Review: The Magpies by Mark Edwards

The Magpies by Mark Edwards is one of those books that I had on my Kindle for months, without really knowing why, but I blame marijuana as the culprit.  It is a psychological thriller featuring a newly married couple and their neighbors from hell.

When Jamie and Kirsty move into their first home together they are full of optimism. The future, in which they plan to get married and start a family, is bright. The other residents of their building seem friendly too: the horror writer and the middle-aged herbalist who live upstairs, and the Newtons, a married couple who welcome them to the building with open arms.

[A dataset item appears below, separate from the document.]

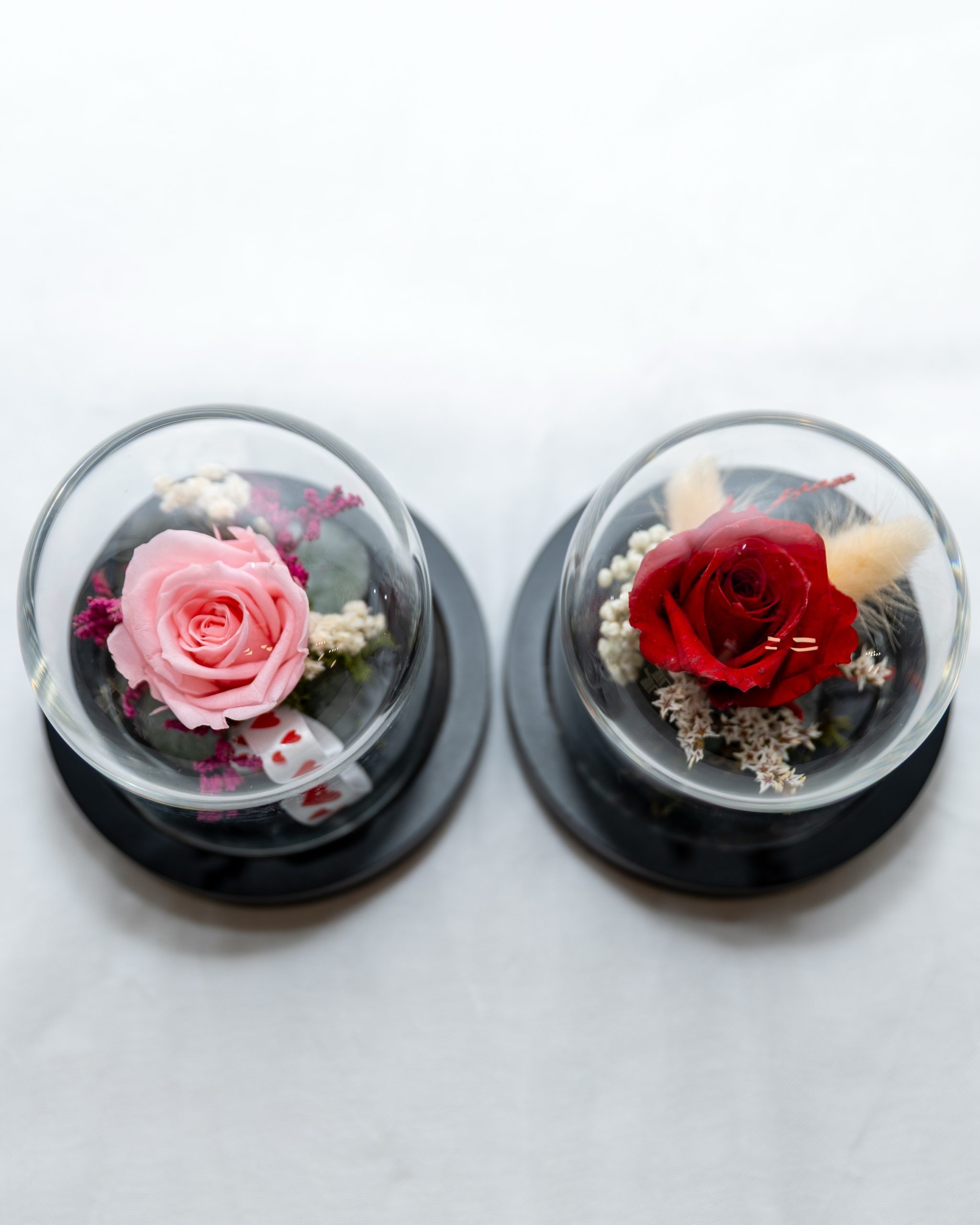cúpulas con rosa preservada, la rosas eternas que están llenas de color, nos encantan por su delicadeza y su gran belleza

At first, the two couples get on well. But then strange things start to happen. Dead rats are left on their doorstep. They hear disturbing noises, and much worse, in the night. After Jamie's best friend is injured in a horrific accident, Jamie and Kirsty find themselves targeted by a campaign of terror.

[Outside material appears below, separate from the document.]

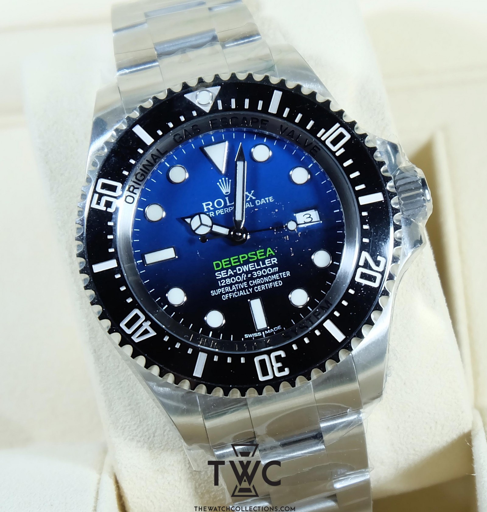 The Rolex Deepsea D-Blue Dial is an iconic professional dive watch built for extreme conditions, featuring a bold and instantly recognizable design. The blue-to-black gradient dial is inspired by the Deepsea Challenge expedition, giving the watch a distinctive identity. Crafted in robust Oystersteel with exceptional water resistance, this model represents the pinnacle of Rolex dive watch engineering with strong collectibility.

As Jamie and Kirsty are driven to the edge of despair, Jamie vows to fight back – but he has no idea what he is really up against…

THE MAGPIES is a terrifying psychological thriller in which the monsters are not vampires or demons but the people we live next door to. It is a nightmare that could happen to anyone.                                                                                                    @Goodreads
Unfortunately, psychological thrillers like this are a dime a dozen, and The Magpies does little to stand apart from other works in the genre. Jamie and Kirsty just moved into the apartment of their dreams, but everything is not as they imagined it would be; they seem to be living under the couple from hell.  Shortly after moving in, pranks start happening:  dead rats on their door step, the fire department being called when there was no fire, pizza being delivered to their house when they did not order it, et cetera.

Then, they start receiving notes from their neighbors, telling them that they have sex too loudly, and even one time enclosing a recording of them having sex that they had apparently taped.  Creepy, yes, but then the creepiness factor kind of sputters out, and nothing of consequence happens for entirely too long.

At the end, Kirsty wants to sell the apartment, but her husband has developed a Jack Torrence-like obsession with staying, regardless of personal cost, and even tries to hire a hit man to teach the neighbors a lesson.  He has a lackluster little show-off against the neighbors, burns the place down, and that's that.  The end.


Overall, not the worst I've read, but nothing that will stand out in my mind in a couple weeks time.  Decent, but not great.  And the sex scenes were just awkward.